» WHAT IS BEING ASKED:
Your reply should reproduce the data below without a single alteration, apart from dropping the images.

» DATA SHOWN:
┌────────

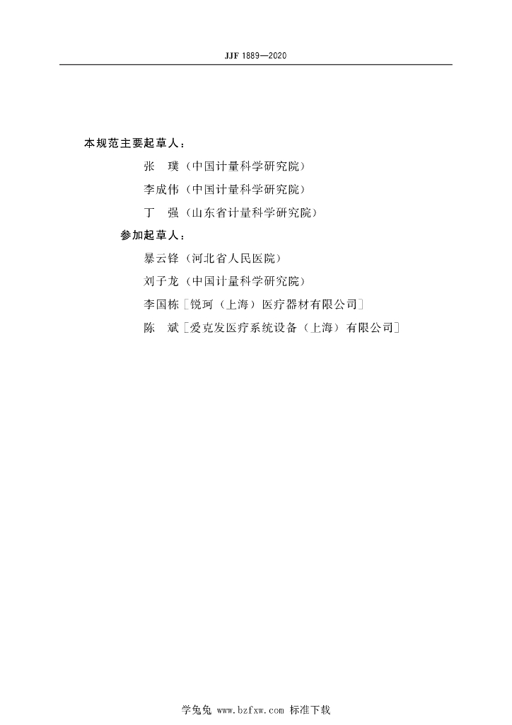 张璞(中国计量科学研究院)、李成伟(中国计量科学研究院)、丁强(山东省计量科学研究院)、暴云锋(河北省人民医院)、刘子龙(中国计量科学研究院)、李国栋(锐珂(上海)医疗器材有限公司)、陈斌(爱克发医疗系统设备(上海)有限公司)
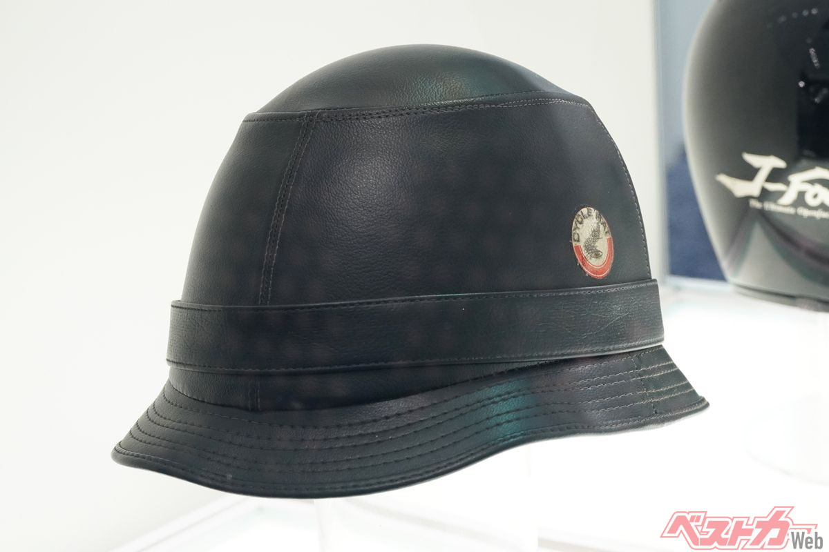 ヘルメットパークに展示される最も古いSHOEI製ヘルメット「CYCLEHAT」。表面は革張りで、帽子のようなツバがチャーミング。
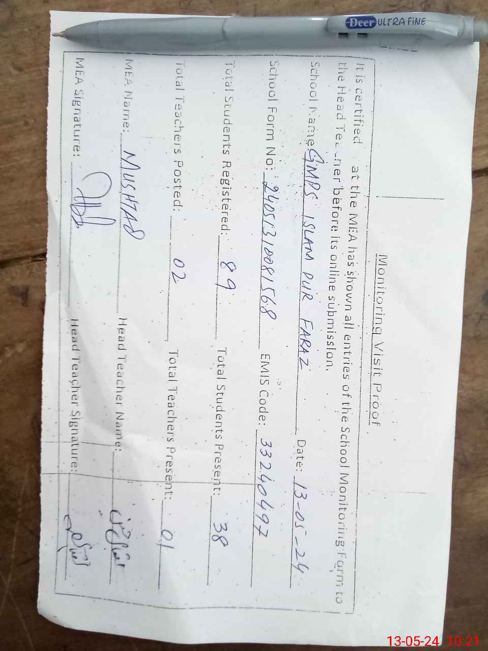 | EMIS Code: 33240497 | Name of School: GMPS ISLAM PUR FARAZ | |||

└────────

» RESULT FOR THIS TASK:
 张璞(中国计量科学研究院)、李成伟(中国计量科学研究院)、丁强(山东省计量科学研究院)、暴云锋(河北省人民医院)、刘子龙(中国计量科学研究院)、李国栋(锐珂(上海)医疗器材有限公司)、陈斌(爱克发医疗系统设备(上海)有限公司)
 ヘルメットパークに展示される最も古いSHOEI製ヘルメット「CYCLEHAT」。表面は革張りで、帽子のようなツバがチャーミング。
 | EMIS Code: 33240497 | Name of School: GMPS ISLAM PUR FARAZ | |||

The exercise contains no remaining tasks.